EXERCISE REQUIREMENTS: Could you repeat the records below exactly, without the pictures?

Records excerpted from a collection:
********************

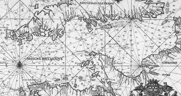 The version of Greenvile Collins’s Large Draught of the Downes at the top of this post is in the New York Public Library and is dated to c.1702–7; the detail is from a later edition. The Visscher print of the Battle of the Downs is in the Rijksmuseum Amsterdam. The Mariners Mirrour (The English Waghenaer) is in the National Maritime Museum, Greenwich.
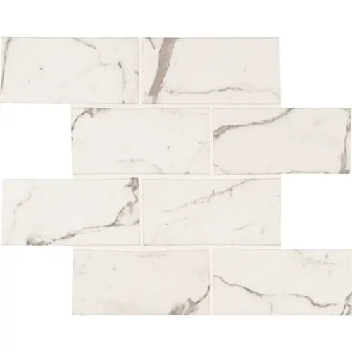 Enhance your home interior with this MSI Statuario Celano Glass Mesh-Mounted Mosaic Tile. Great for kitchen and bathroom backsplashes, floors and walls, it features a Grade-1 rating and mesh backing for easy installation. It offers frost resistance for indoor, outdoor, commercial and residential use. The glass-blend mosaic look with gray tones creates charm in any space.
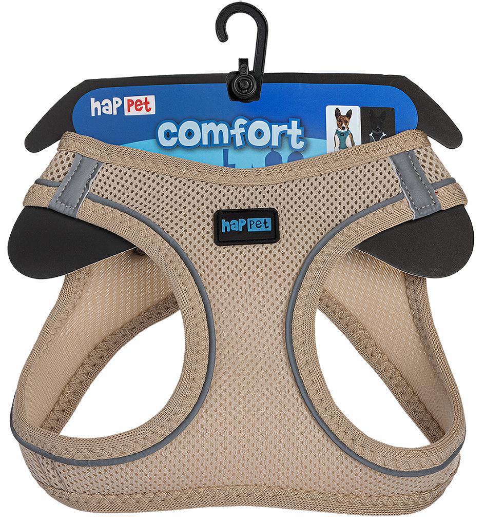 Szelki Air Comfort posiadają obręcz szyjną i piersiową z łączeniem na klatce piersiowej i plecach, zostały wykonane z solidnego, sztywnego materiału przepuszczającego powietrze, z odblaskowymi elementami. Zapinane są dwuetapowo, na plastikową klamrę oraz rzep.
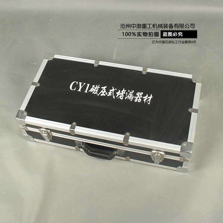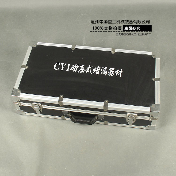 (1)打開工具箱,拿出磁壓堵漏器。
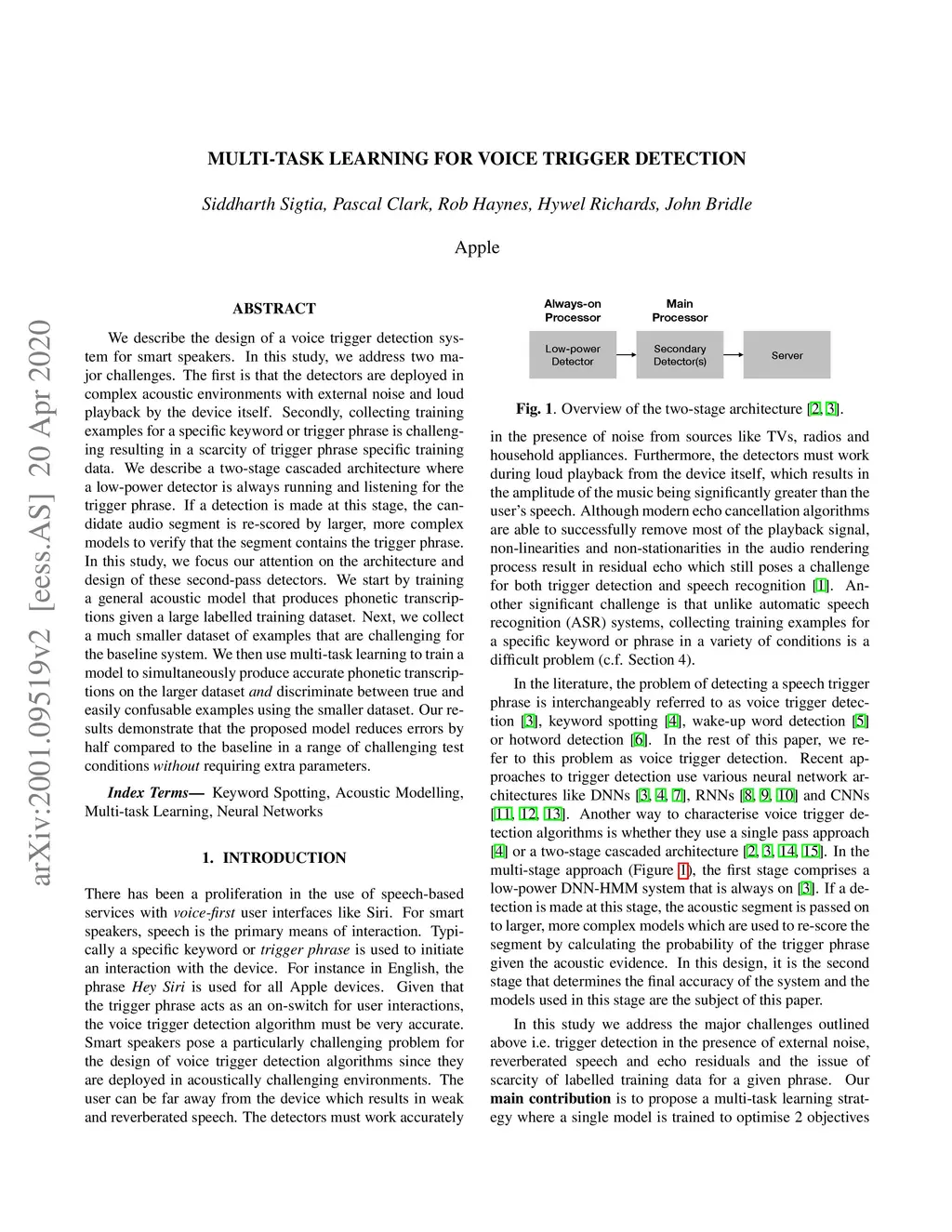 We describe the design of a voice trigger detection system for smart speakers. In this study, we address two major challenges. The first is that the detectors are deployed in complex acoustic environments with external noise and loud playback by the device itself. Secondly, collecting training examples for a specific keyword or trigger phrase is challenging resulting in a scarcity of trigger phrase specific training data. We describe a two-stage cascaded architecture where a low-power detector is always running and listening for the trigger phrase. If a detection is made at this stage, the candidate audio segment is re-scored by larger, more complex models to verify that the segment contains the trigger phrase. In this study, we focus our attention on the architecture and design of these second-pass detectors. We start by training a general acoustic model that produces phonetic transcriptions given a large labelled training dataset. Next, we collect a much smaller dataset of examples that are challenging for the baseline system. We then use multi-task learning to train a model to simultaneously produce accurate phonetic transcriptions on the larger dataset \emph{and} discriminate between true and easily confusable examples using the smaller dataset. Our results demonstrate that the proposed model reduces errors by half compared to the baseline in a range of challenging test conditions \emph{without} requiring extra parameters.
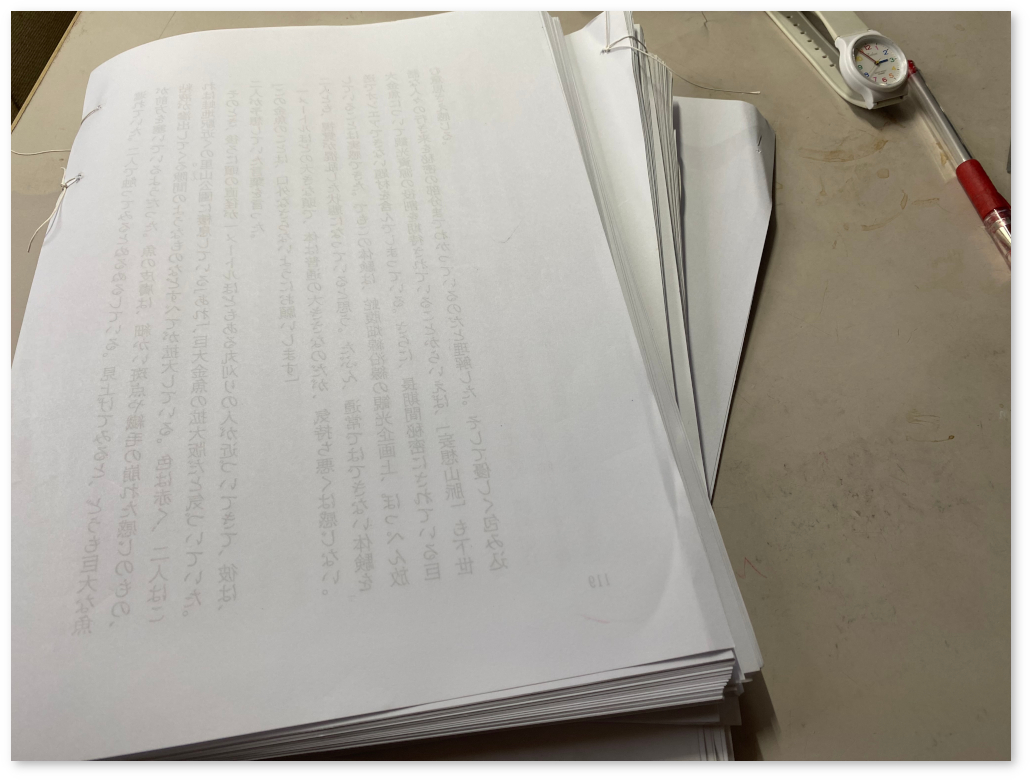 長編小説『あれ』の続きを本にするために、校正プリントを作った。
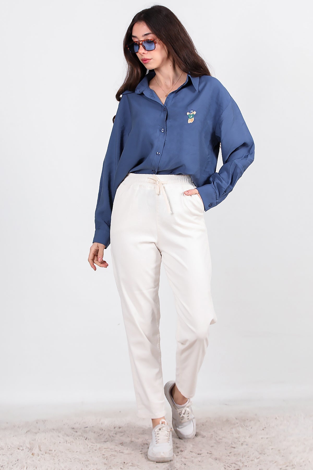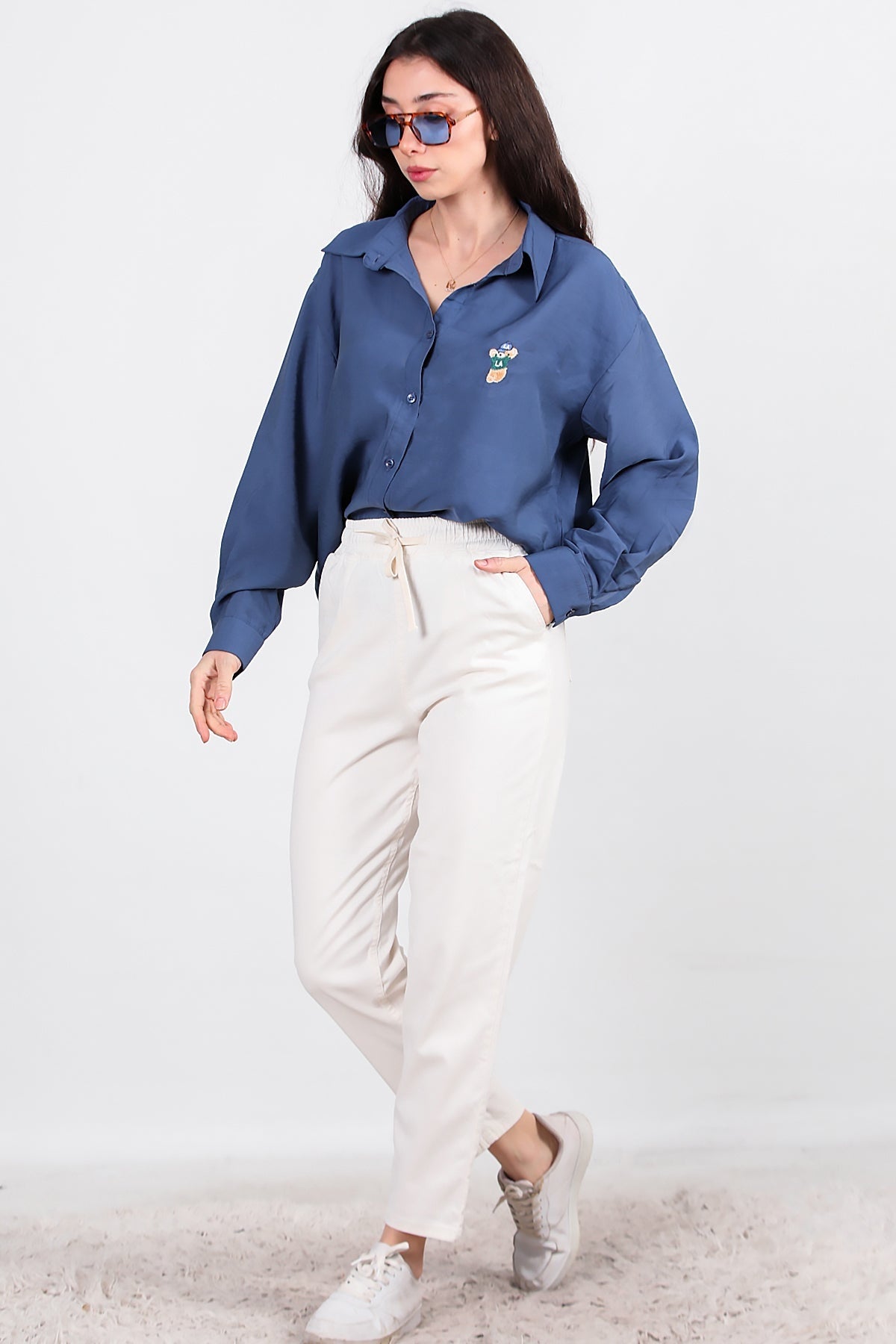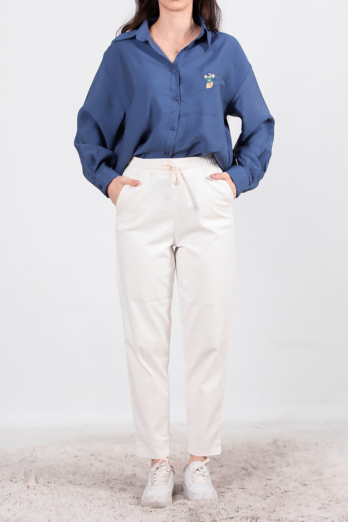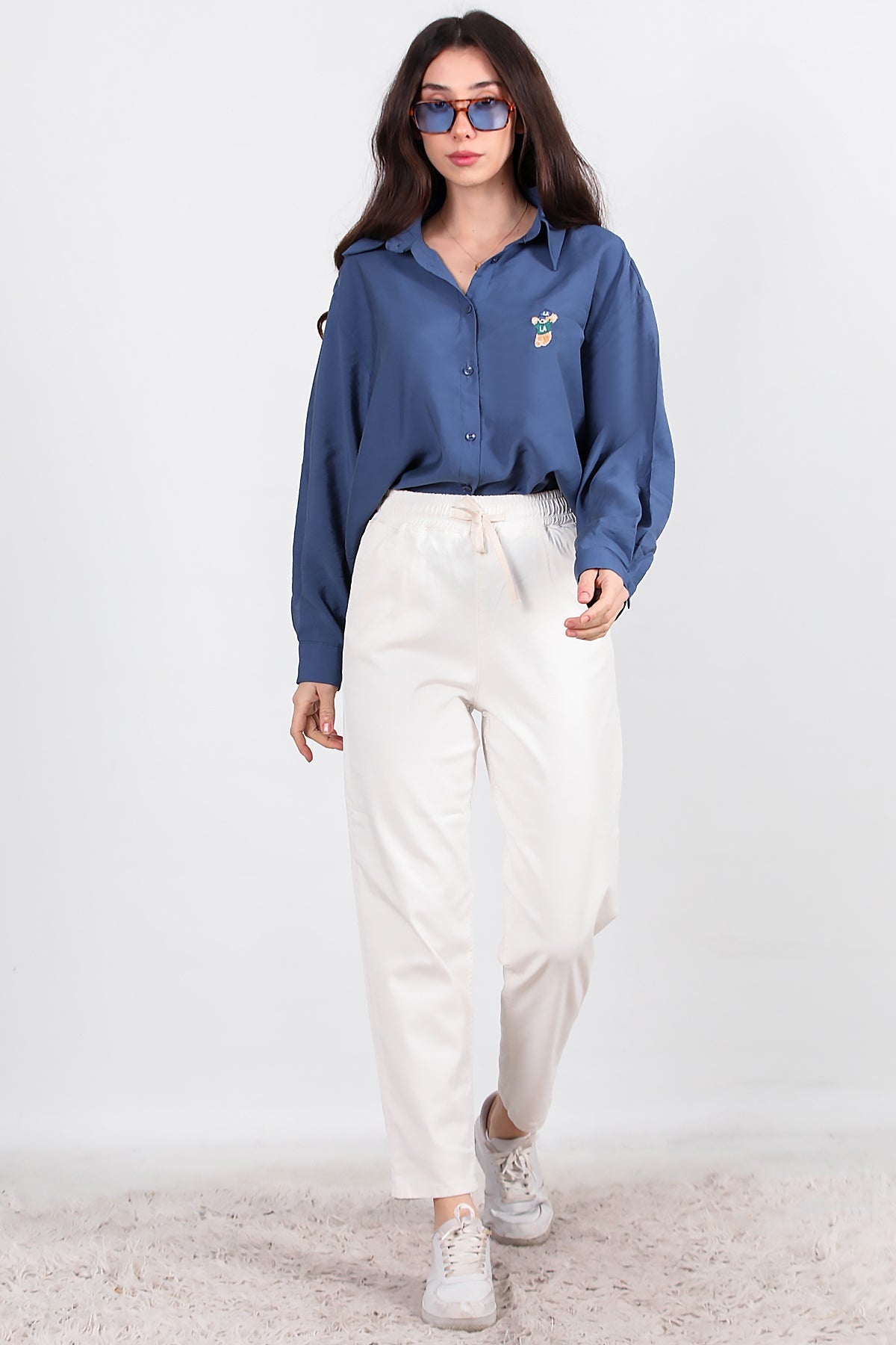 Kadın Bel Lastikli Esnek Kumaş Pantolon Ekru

********************

YOUR SOLUTION:
 The version of Greenvile Collins’s Large Draught of the Downes at the top of this post is in the New York Public Library and is dated to c.1702–7; the detail is from a later edition. The Visscher print of the Battle of the Downs is in the Rijksmuseum Amsterdam. The Mariners Mirrour (The English Waghenaer) is in the National Maritime Museum, Greenwich.
 Enhance your home interior with this MSI Statuario Celano Glass Mesh-Mounted Mosaic Tile. Great for kitchen and bathroom backsplashes, floors and walls, it features a Grade-1 rating and mesh backing for easy installation. It offers frost resistance for indoor, outdoor, commercial and residential use. The glass-blend mosaic look with gray tones creates charm in any space.
 Szelki Air Comfort posiadają obręcz szyjną i piersiową z łączeniem na klatce piersiowej i plecach, zostały wykonane z solidnego, sztywnego materiału przepuszczającego powietrze, z odblaskowymi elementami. Zapinane są dwuetapowo, na plastikową klamrę oraz rzep.
 (1)打開工具箱,拿出磁壓堵漏器。
 We describe the design of a voice trigger detection system for smart speakers. In this study, we address two major challenges. The first is that the detectors are deployed in complex acoustic environments with external noise and loud playback by the device itself. Secondly, collecting training examples for a specific keyword or trigger phrase is challenging resulting in a scarcity of trigger phrase specific training data. We describe a two-stage cascaded architecture where a low-power detector is always running and listening for the trigger phrase. If a detection is made at this stage, the candidate audio segment is re-scored by larger, more complex models to verify that the segment contains the trigger phrase. In this study, we focus our attention on the architecture and design of these second-pass detectors. We start by training a general acoustic model that produces phonetic transcriptions given a large labelled training dataset. Next, we collect a much smaller dataset of examples that are challenging for the baseline system. We then use multi-task learning to train a model to simultaneously produce accurate phonetic transcriptions on the larger dataset \emph{and} discriminate between true and easily confusable examples using the smaller dataset. Our results demonstrate that the proposed model reduces errors by half compared to the baseline in a range of challenging test conditions \emph{without} requiring extra parameters.
 長編小説『あれ』の続きを本にするために、校正プリントを作った。
 Kadın Bel Lastikli Esnek Kumaş Pantolon Ekru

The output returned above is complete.